Word for word, reproduce each line of the data below, omitting every image.

DATA SECTION:
********

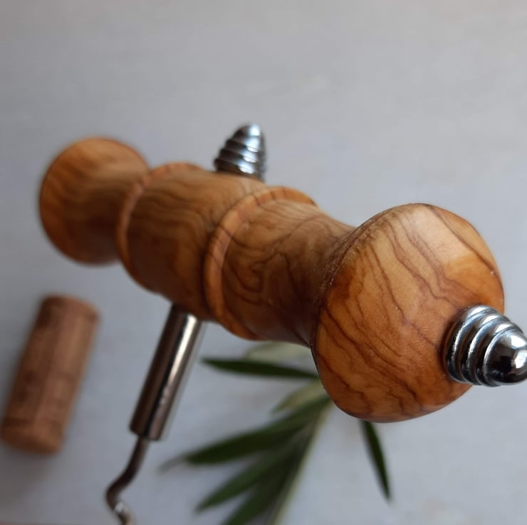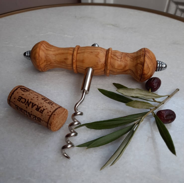 This is a handmade, woodturned corkscrew made from Venetian Olive wood - a beautiful golden wood with a stunning grain pattern. The shape of the corkscrew allows easy holding and this would be a beautiful addition to any kitchen. It is a substantial size, measuring over 12cm across.
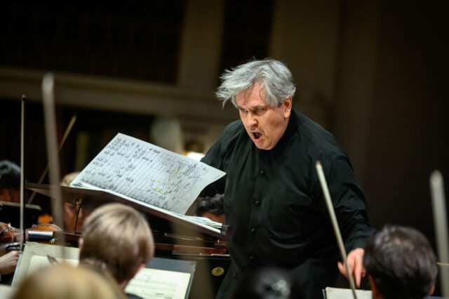 Smetanovou síní burácí zvuk vydávaný více než třemi stovkami hudebníků. Vrcholí první část Symfonie tisíců, půlhodinové fortissimo vzývající Ducha Stvořitele. Když už se zdá, že provedení nejde dál stupňovat, přichází poslední akord, aby ukázal, že lze… Osmdesáté Pražské jaro uzavírá třetí červnový den kompozice, ke které se jen těžko dá najít rovnocenný protějšek. A podlahou i tělem každého posluchače jako základ té zvukové masy rezonuje mohutný hluboký tón varhanního pedálu… Zážitek nemající téměř obdoby. Fotografie ze zákulisí nicméně nabízejí i trochu jiný, racionálnější pohled na festival.
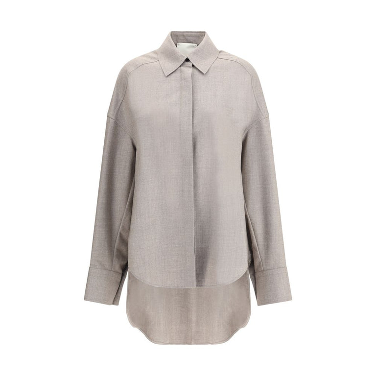 Di Stavnister’s Heidi Shirt is a contemporary design that combines soft lines and tailored details. Featuring a classic collar and dropped shoulders, it has a front button closure and an asymmetrical hem that adds movement and originality to the design.
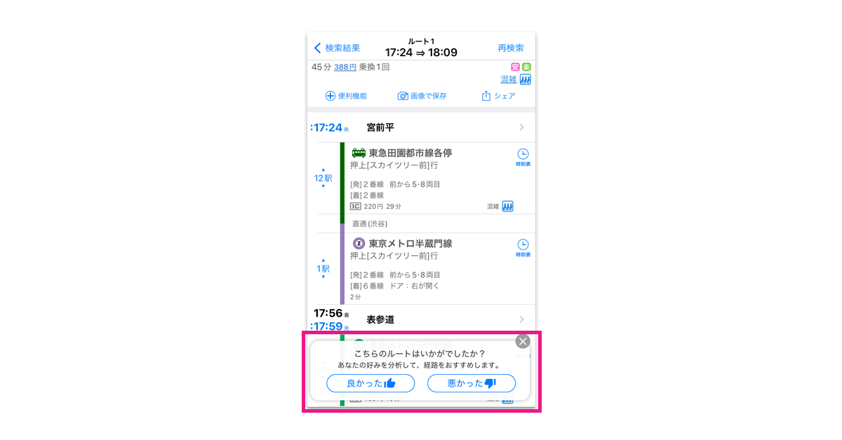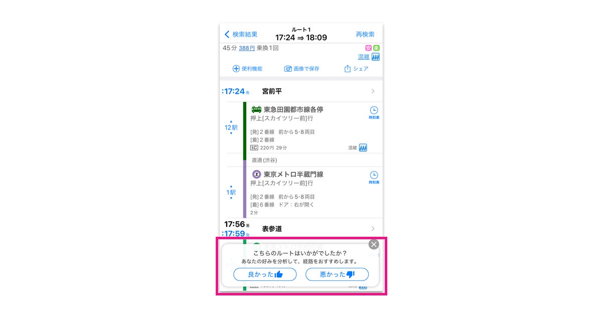 今後もナビタイムジャパンでは、一人ひとりのユーザーに最適な、よりパーソナライズされたおすすめのルートを提案できるよう、利用者のフィードバックをもとに、さらなるルート品質の向上に努めてまいります。

********

TASK ANSWER:
 This is a handmade, woodturned corkscrew made from Venetian Olive wood - a beautiful golden wood with a stunning grain pattern. The shape of the corkscrew allows easy holding and this would be a beautiful addition to any kitchen. It is a substantial size, measuring over 12cm across.
 Smetanovou síní burácí zvuk vydávaný více než třemi stovkami hudebníků. Vrcholí první část Symfonie tisíců, půlhodinové fortissimo vzývající Ducha Stvořitele. Když už se zdá, že provedení nejde dál stupňovat, přichází poslední akord, aby ukázal, že lze… Osmdesáté Pražské jaro uzavírá třetí červnový den kompozice, ke které se jen těžko dá najít rovnocenný protějšek. A podlahou i tělem každého posluchače jako základ té zvukové masy rezonuje mohutný hluboký tón varhanního pedálu… Zážitek nemající téměř obdoby. Fotografie ze zákulisí nicméně nabízejí i trochu jiný, racionálnější pohled na festival.
 Di Stavnister’s Heidi Shirt is a contemporary design that combines soft lines and tailored details. Featuring a classic collar and dropped shoulders, it has a front button closure and an asymmetrical hem that adds movement and originality to the design.
 今後もナビタイムジャパンでは、一人ひとりのユーザーに最適な、よりパーソナライズされたおすすめのルートを提案できるよう、利用者のフィードバックをもとに、さらなるルート品質の向上に努めてまいります。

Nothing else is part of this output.